Israel aviation stabilises with resumed foreign flights
El Al reported higher profits as foreign airlines resumed Tel Aviv flights, restoring competition and boosting tourism. Passenger demand continues to recover, strengthening Israel’s aviation and services sectors heading into 2026.
El Al Airlines reported a significant profit increase as foreign carriers resumed flights to Tel Aviv, restoring capacity to Israel’s aviation market after a period of geopolitical disruption. The rebound marks a critical stabilisation point for Israel’s economy, improving passenger connectivity, lowering fare pressures and lifting activity across tourism-linked services.
The mechanism behind El Al’s improved profitability stems from dynamics observed during the temporary reduction in foreign airline presence. When global carriers suspended operations, El Al captured a disproportionately large share of outbound and inbound passengers, supporting elevated load factors and strong yields. Revenue per available seat kilometre (RASK) climbed as scarcity conditions enabled higher fares.
Now, with foreign carriers gradually returning—including major European and Gulf operators—the aviation ecosystem is transitioning from scarcity pricing to normalised competition. Yet El Al’s financial performance remains strong due to cost discipline, better fleet utilisation and improved operational resilience.
Macroeconomic effects are broad. Tourism flows are recovering, supporting hotels, restaurants, retail and ground transport. Israel’s services exports benefit from restored international mobility, and business travel is rebounding as foreign executives and investors resume in-person engagement. The shekel appreciated marginally as financial markets welcomed signs of economic stabilisation.
Sectorally, the return of foreign airlines increases seat capacity, exerting downward pressure on fares but expanding route diversity. This improves accessibility for Israel’s tech ecosystem, a major beneficiary of global mobility. For El Al, the shift introduces competitive pressure but also provides demand certainty as international capacity normalises.
Risks revolve around geopolitical volatility, insurance-cost volatility for aviation routes, and global oil-price fluctuations affecting jet-fuel expenses. El Al must manage fleet-renewal cycles, fuel hedging and labour costs to maintain competitive margins as capacity expands.

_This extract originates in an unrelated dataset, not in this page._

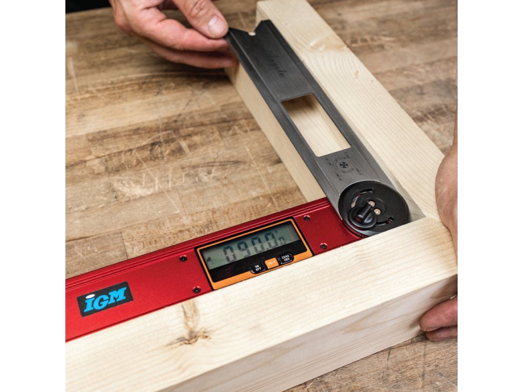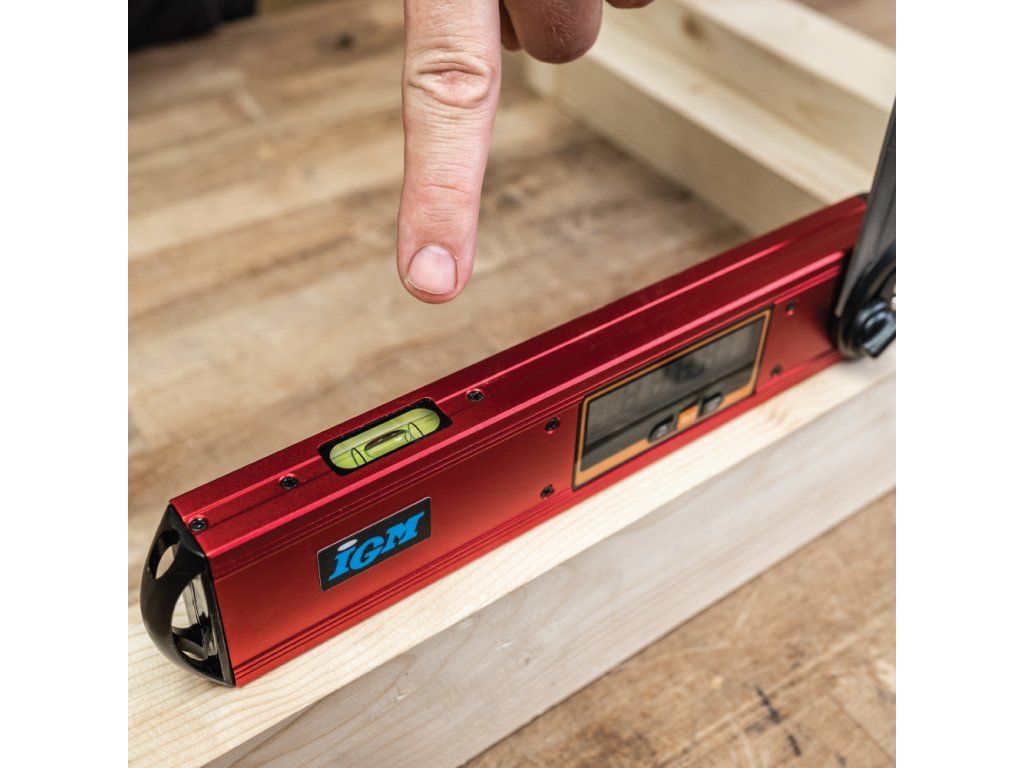 Digitální úhelník IGM s pohyblivým hliníkovým pravítkem a integrovanou vodováhou je nepostradatelným pomocníkem pro všechny truhláře, tesaře, kutily a další řemeslníky. Díky funkcím absolutního i relativního měření sklonu a možnosti aretace pohyblivého ramene můžete snadno přenášet úhly při výrobě i montáži. Grafické zobrazení kvadrantů na displeji umožňuje rychlou vizuální kontrolu polohy ramene. Robustní konstrukce z hliníku a kompaktní délka 270 mm zajišťují snadnou manipulaci i v omezeném prostoru. Ideální nástroj pro každého, kdo pracuje s přesnými spoji, sklony nebo rysy řezu.

Forward indicators include passenger-volume growth, airline-capacity schedules, hotel-occupancy data and inbound-business travel metrics. The pace of recovery will determine whether Israel’s aviation and tourism sectors fully rebound by late 2026.
The broader implication is that Israel’s aviation system has demonstrated resilience, leveraging strong underlying demand even during periods of disruption. El Al’s performance reflects both opportunistic gains and structural improvements that may support long-term competitiveness as global connectivity normalises.